Stepp SD, Smith TD, Morse JQ, Hallquist MN, Pilkonis PA. J. Interpers. Violence 2012; 27(1): 103-124.

Affiliation

University of Pittsburgh Medical Center, Pittsburgh, PA, USA.

Copyright

(Copyright © 2012, SAGE Publishing)

DOI

10.1177/0886260511416468

PMID

21859760

Abstract

This study examined the prospective relationships among borderline personality disorder (BPD) symptoms, interpersonal problems, and types of aggressive behaviors (i.e., experiencing psychological and physical victimization and perpetrating psychological and physical aggression) in a psychiatric sample (N = 139) over the course of 2 years.
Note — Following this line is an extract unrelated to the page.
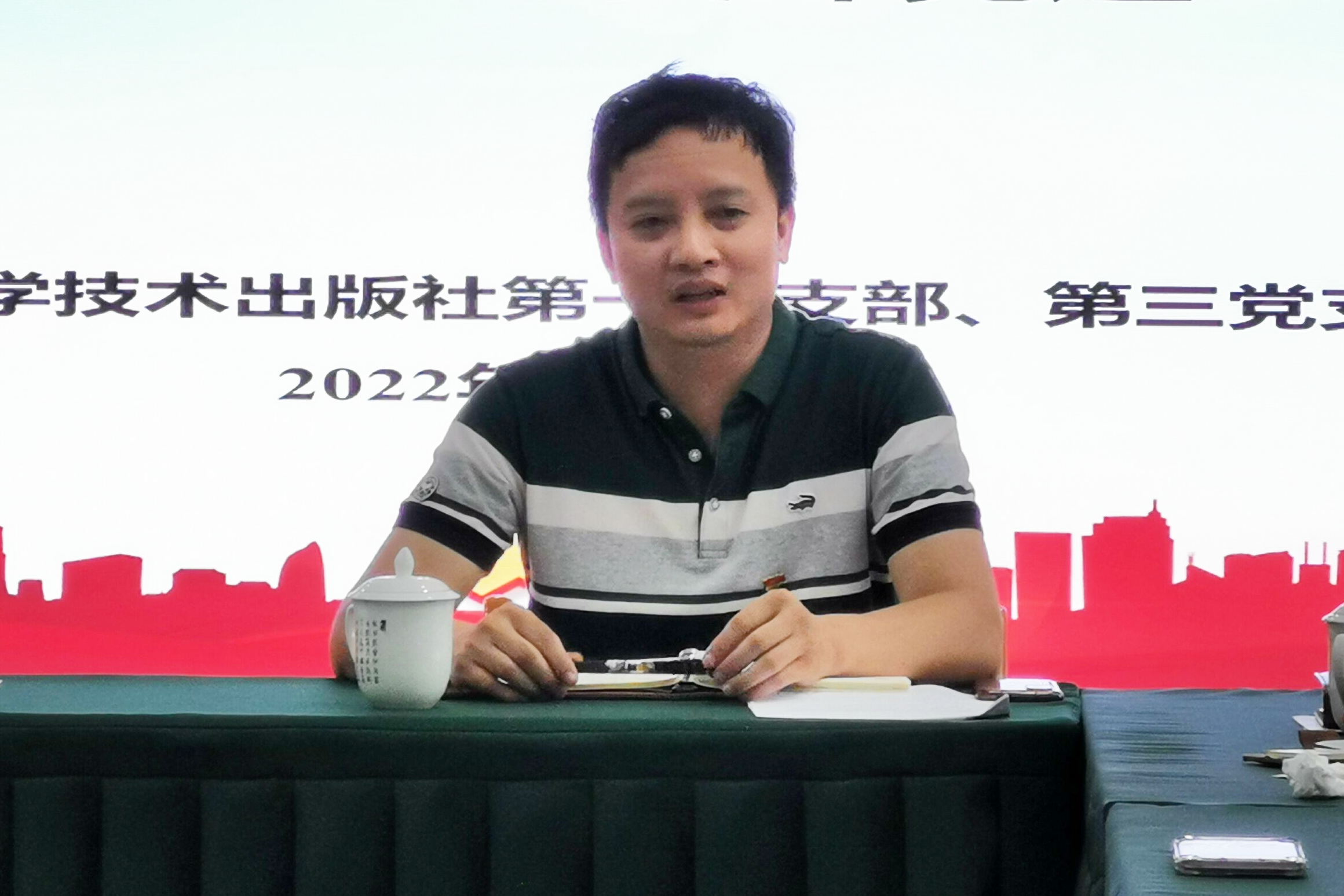 第一党支部书记、副总编辑罗煜涛以“学习党的二十大报告”为主题,为全体党员系统梳理了党的二十大报告中的重要论述,并分享了他的学习体会。他指出,党的二十大报告立意高远、思想深邃、内涵丰富,进一步指明了党和国家事业的前进方向,是我们党团结带领全国各族人民在新时代新征程坚持和发展中国特色社会主义的政治宣言和行动纲领。党员要深刻领会、贯彻落实党的二十大精神,为全面建设社会主义现代化国家、全面推进中华民族伟大复兴作出应有贡献。
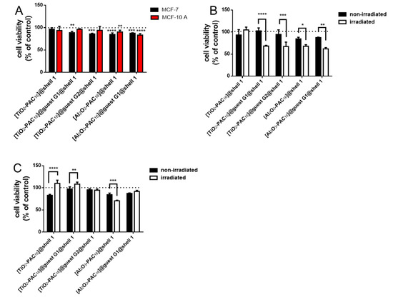 MCF-7 and MCF-10 A cells were treated with 25 μg/mL nanocarriers and the cell viability was tested after 24 h. The unloaded nanocarriers as well as those loaded with guest molecule G1 and G2 are biocompatible for both cell lines (Figure 6A). The [Al2O3-PAC16]@shell1 were a little more toxic than the [TiO2-PAC16]@shell1 for MCF-7 and MCF-10 A cells. The cell viability of cancerous MCF-7 cells when containing [TiO2-PAC16]@shell1 (96%) differs scarcely from the cell viability of MCF-7 cells loaded either with [TiO2-PAC16]@guest G1@shell1 (90%) or [TiO2-PAC16]@guest G2@shell1 (88%). Since the anticancer drugs quercetin (G1) and 7-amino-4-methylcoumarin (G2), which were dissolved in DMSO and added to the cell medium, significantly lowered the cell viability of MCF-7 cells significant more (Figure S10), the hydrophobic drugs remained adsorbed inside the nanocarriers after 24 h. Obviously an external stimulus is needed to open the shell around the nanocarriers and thereupon to release the anticancer drugs. As an external stimulus, X-rays were used. Our former research activities on applying iron oxide NPs in radiotherapy was based on the phenomenon that X-rays ablate surface structures from the iron oxide NPs. This implies that X-ray irradiation activates surface Fe2+ and Fe3+ that catalyze the Fenton and Haber-Weiss reaction, and highly toxic ROS are generated [40,49,50]. Hence, we expected that X-radiation damages the bilayer shell system of the intracellular nanocarriers and the cancer drugs will be released to the cytoplasm. To prove these expectations, the MCF-7 and MCF-10 A cells were incubated with unloaded and loaded nanocarriers system for 24 h and half of the samples were subsequently irradiated with a single dose of 1 Gy and the other half were kept non-irradiated as negative control. The cell viability of both test groups was determined and the value of the cells in medium without nanocarriers was used as 100%, the value at 0 Gy for the non-irradiated group and the value at 1 Gy for the irradiated group. The cell viability of the MCF-7 cells with internalized nanocarrier [TiO2-PAC16]@shell1 without any drugs remained the same whether they were irradiated or not (Figure 6B). This result demonstrated that unloaded [TiO2-PAC16]@shell1 are biocompatible. However, the nanocarriers [TiO2-PAC16]@guest G1@shell1 and [TiO2-PAC16]@guest G2@shell1, when incorporated in the cancerous MCF-7 cells, drastically decreased the survival of these cells. This indicated a release of the guest molecules G1 and G2 from the hydrophobic pocket after irradiation into the cytoplasm after irradiation of the cells, where they developed their anti-tumor effects. The difference between unloaded and loaded Al2O3 nanocarriers was not as visible as for the TiO2 nanocarriers, since the [Al2O3-PAC16]@shell1 NPs significantly diminished the cell survival after irradiation. In contrast to the MCF-7 cells, the cell viability of the non-tumorigenic MCF-10 A cells was not affected by the unloaded and loaded TiO2 nanocarrier systems at 0 or 1 Gy (Figure 6C). Quercetin (G1) can act as pro-oxidant or antioxidant depending on its intracellular concentration [27,30,31,32]. In case of coumarin derivatives, not only the dose is responsible for the pro- or antioxidant effect but also the structure of the used coumarin derivative [51,52]. Therefore, the coumarin (G2) shows a similar concentration dependency as quercetin (G1). As an antioxidant, it protects the non-tumorigenic MCF-10 A cells from the harmful radical generation of the X-rays. The dose of the quercetin released into the MCF-10 A cells was in the range so that the cells were protected against X-radiation. This effect was even larger for the Al2O3 nanocarriers. While the unloaded [Al2O3-PAC16]@shell1 damaged the MCF-10 A cells after irradiation, the cell viability even slightly increased after irradiation of MCF-10 A cells with [Al2O3-PAC16]@guest G1@shell1.

We controlled for other PD symptoms and demographic variables. BPD symptoms at baseline were associated with interpersonal sensitivity, interpersonal ambivalence, interpersonal aggression, need for social approval, and lack of sociability 6 months later. In turn, interpersonal sensitivity predicted not experiencing physical aggression, interpersonal aggression predicted experiencing physical aggression and perpetrating both psychological and physical aggression, need for social approval predicted experiencing both psychological and physical aggression, and lack of sociability predicted perpetrating physical aggression 2 years later. Results demonstrated that interpersonal problems mediated the relationship between BPD and later violent behaviors. Our findings suggest the importance of distinguishing between these groups of aggressive behaviors in terms of etiological pathways, maintenance processes, and treatment interventions.